Scopre la sua vocazione artistica sul finire degli anni '60. Frequenta la scuola d'arte di Umberto Folli, docente all'Accademia di Ravenna e, per diversi anni, lo studio del pittore-architetto Ettore Panighi, insegnante al Liceo artistico della stessa città .
Si iscrive ai corsi liberi dell'Accademia di Ravenna e assiste alle lezioni di Storia dell'Arte di Raffaele de Grada.

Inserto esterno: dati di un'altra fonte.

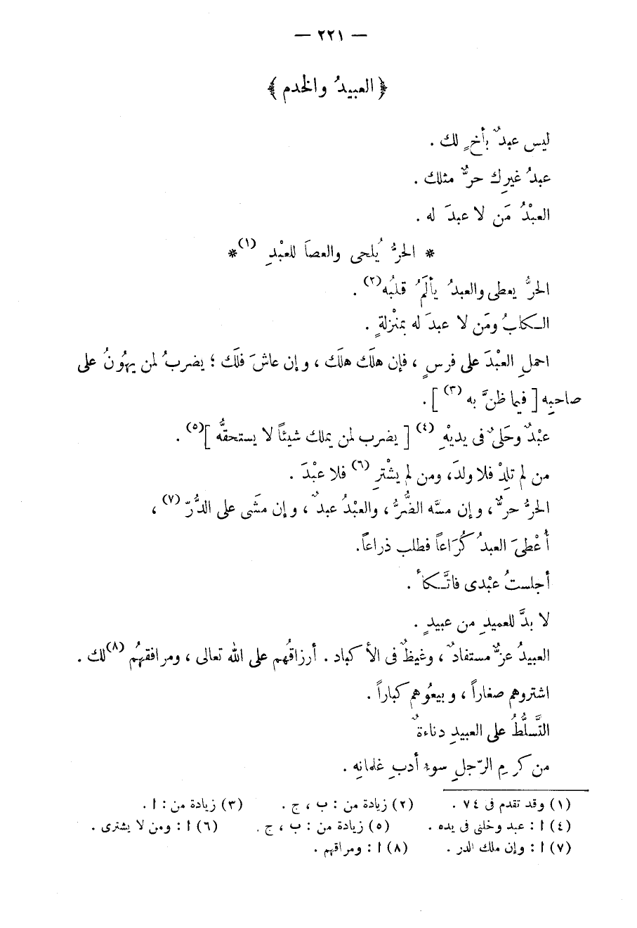 الحر يعطي والعبد يألم قلبه. الكلب ومن لا عبد له بمنزلةٍ. احمل العبد على فرسٍ، فإن هلك هلك، وإن عاش فلك؛ يضرب لمن يهون على صاحبه فيما ظن به. عبدٌ وحليٌ في يديه؛ يضرب لمن يملك شيئاً لا يستحقه. من لم تلد فلا ولد، ومن لم يشتر فلا عبد. الحر حرٌ، وإن مسه الضر، والعبد عبدٌ، وإن مشى على الدر. أعطي العبد كراعاً فطلب ذراعاً. أجلست عبدي فاتكأ. لا بد للعميد من عبيد. العبيد عزٌ مستفادٌ، وغيظٌ في الأكباد. أرزاقهم على الله تعالى، ومرافقهم لك. اشتروهم صغاراً، وبيعوهم كباراً. التسلط على العبيد دناءةٌ. من كرم الرجل سوء أدب غلمانه.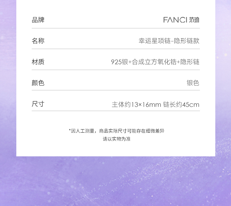 Fanci范琦 幸运星项链 隐形款 925银锁骨链 生日送女友礼物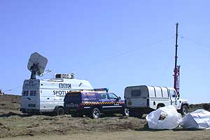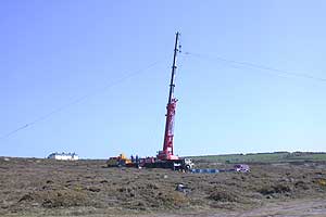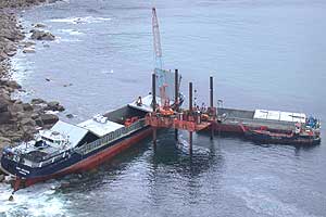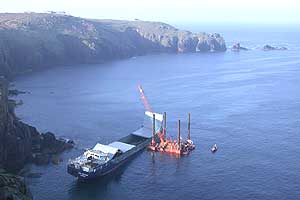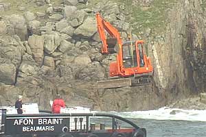 Thursday 10th April - it was hoped to remove the jack-up rig from the site today but the swell prevented this ; here an excavator, which had been used in the ship`s hold, is transferred to the tug Afon Braint. Today was a fine, quiet day and this swell is routine and low by local standards. The seaward operation is too hazardous for the rig - and there are now fears for its safety due to adverse forecasts and large spring tides next week. (these two images videograbs). | |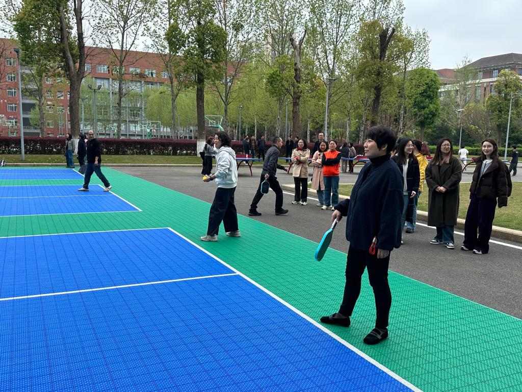 活动伊始,学院相关负责人向到场教师简要介绍了匹克球运动的起源、基本规则和安全注意事项,强调本次活动以“趣味健身、以球会友”为核心,旨在让大家放下工作的忙碌,感受新兴体育运动的魅力,同时增进同事间的交流与协作。匹克球作为一项兼具趣味性、休闲性与运动性的运动,门槛较低、易于上手,十分适合团队参与,很快便勾起了老师们的参与热情。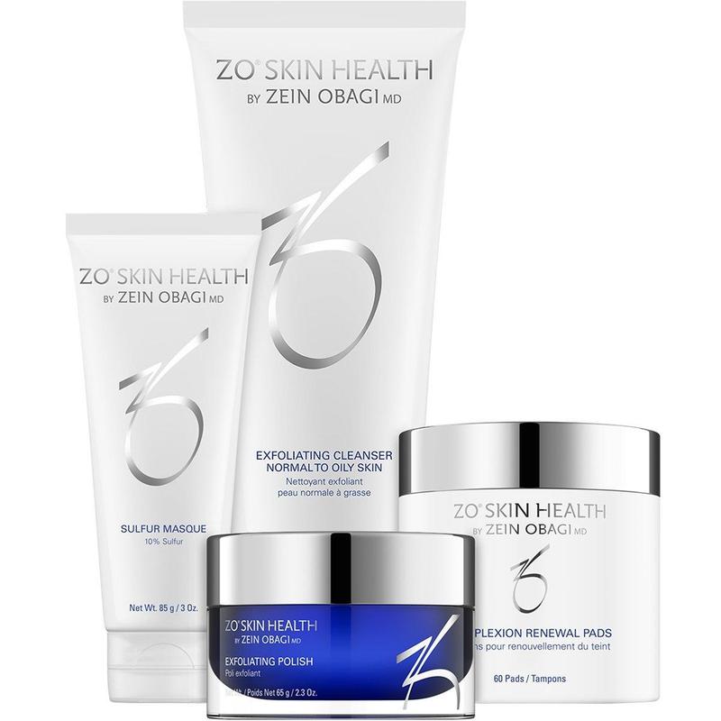 Набор для ухода за кожей с акне бренда Zein займет достойное место в коллекции каждой леди. С таким комплектом вы всегда будете выглядеть роскошно и привлекательно. Активные компоненты регулируют работу сальных желез, отшелушивают ороговевший слой и стимулируют выработку коллагена. Zein Obagi Zo Skin Health Complexion Clearing Program тщательно очистит кожный покров от загрязнений, а также сделает его нежным, упругим, эластичным и сияющим. Очищающий гель для нормальной и жирной кожи склонной к акне - Zein Obagi Zo Skin Health Exfoliating Cleanser Очищающий гель для нормальной и жирной кожи склонной к акне бренда Zein деликатно удаляет загрязнения, насыщает клетки полезными микроэлементами и удерживает необходимое количество влаги в клетках. Эфирные масло жожоба и чайного дерева стимулируют регенерацию, а также нормализуют себорегулирующий процесс. Ингредиенты успокаивают раздражения, выравнивают тон лица и минимизируют негативное влияние свободных радикалов. Предостережение: Гель содержит бета-гидроксикислоты, что может увеличить чувствительность к солнцу. Используйте солнцезащитный крем, отдавайте предпочтение закрытом одежды и ограничьте пребывание на солнце во время и в течение недели после использования геля. Способ применения: Влажными руками нанести небольшое количество геля на увлажненную кожу лица и шеи. Массировать в течение минуты, после чего тщательно смыть водой. Скраб отшелушивающий - Zein Obagi Zo Skin Health Exfolianting Polish Скраб отшелушивающий бренда Zein эффективно удаляет ороговевшие клетки, выравнивает тон лица и стимулирует регенерацию, делая кожу нежной и сияющей. Микрокристаллы магния вытягивают загрязнения из пор и сужают их. Ретиноловый комплекс и витамин С обладают тонизирующим воздействием, отбеливают и заживляют ранки, а витамин Е удерживает необходимое количество влаги в клетках и защищает от негативного влияния агрессивных факторов окружающей среды. Способ применения: после очищения кожи нанесите небольшое количество скраба на влажную кожу и мягко массажируйте, смойте теплой водой. Салфетки для ухода за кожей лица с акне - Zein Obagi Zo Skin Health Complexion Renewal Pads Салфетки для ухода за кожей лица с акне бренда Zein -- незаменимые помощники в косметичке всех обладательниц жирного кожного покрова, склонного к появлению высыпаний. Салфетки устраняют излишние количество себума и удаляют загрязнения. Растительные экстракты обладают успокаивающим воздействием, а 2% салициловая и гликолевая кислоты -- противовоспалительным эффектом. Мочевина увлажняет, предотвращает появление шелушений и ощущения стянутости. Пористая структура аксессуаров позволяет ингредиентам проникать в глубь эпидермиса. Предостережение: Раствор для спонжей содержит альфа-гидроксикислоты, что может увеличить чувствительность к солнцу. Используйте солнцезащитный крем, отдавайте предпочтение закрытом одежды и ограничьте пребывание на солнце во время и в течение недели после использования геля. Способ применения: Протрите лицо спонжем дважды в день (утром и вечером). Маска для лица с серой 10% - Zein Obagi Zo Skin Health Sulfur Masque Маска для лица с серой 10% бренда Zein борется с акне и очищает эпидермис от загрязнений. Глицерин, бетоит, сера и коалин восстанавливают истощенный и тусклый кожный покров, повышают естественный защитный барьер и устраняют дегидратацию. Активные компоненты успокаивают раздраже

Su questa solida formazione figurativa, l'artista innesta una tensione pittorica fondata sul valore della materia e sulla pregnanza gestuale dell'immagine.
I suoi primi temi sono nature morte, paesaggi e figure, per passare, negli anni successivi, a soggetti del vivere quotidiano, come locomotive, cavalli e cavalieri, carrozzine e bambini, uccelli in gabbia, gatti e ancora soggetti appartenenti alla sfera inconscia, come angeli, cristi, madonne regine, musicisti.
Dai primi anni '70 agli ultimi anni '80, Spazzoli è invitato a diverse edizioni della Biennale d'arte romagnola (1976-1982) e tiene personali presso la Galleria di S. Mercuriale, Forlì (1980), il Palazzo del Podestà , Faenza (1980) e la Galleria Nuovo Ruolo, Forlì (1984). Nel corso degli anni '90 è presente in mostre ed eventi artistici in Italia, Germania, Olanda, Belgio, Spagna, Francia.
E' del 1995 la personale 'Ver Sacrum' all'Oratorio di San Sebastiano di Forlì a cura di Valerio Dehò, con una testimonianza critica di Franco Patruno che parla di un 'notturno intuire, da parte di Spazzoli, l'ansia e l'angoscia di uomini e donne di ogni latitudine e gli oscuri mali che attraversano e piagano il cuore umano'. Dal 2000 ad oggi, è invitato ad importanti manifestazioni artistiche, tra cui 'Novecento in Romagna', Cesena (2001) a cura di Claudio Spadoni e 'Trentaquaranta' a cura di Orlando Piraccini, presso la Galleria Comunale, Faenza (2003). Infine, 'Percorsi comunicanti' in Palazzo Albertini, Forlì.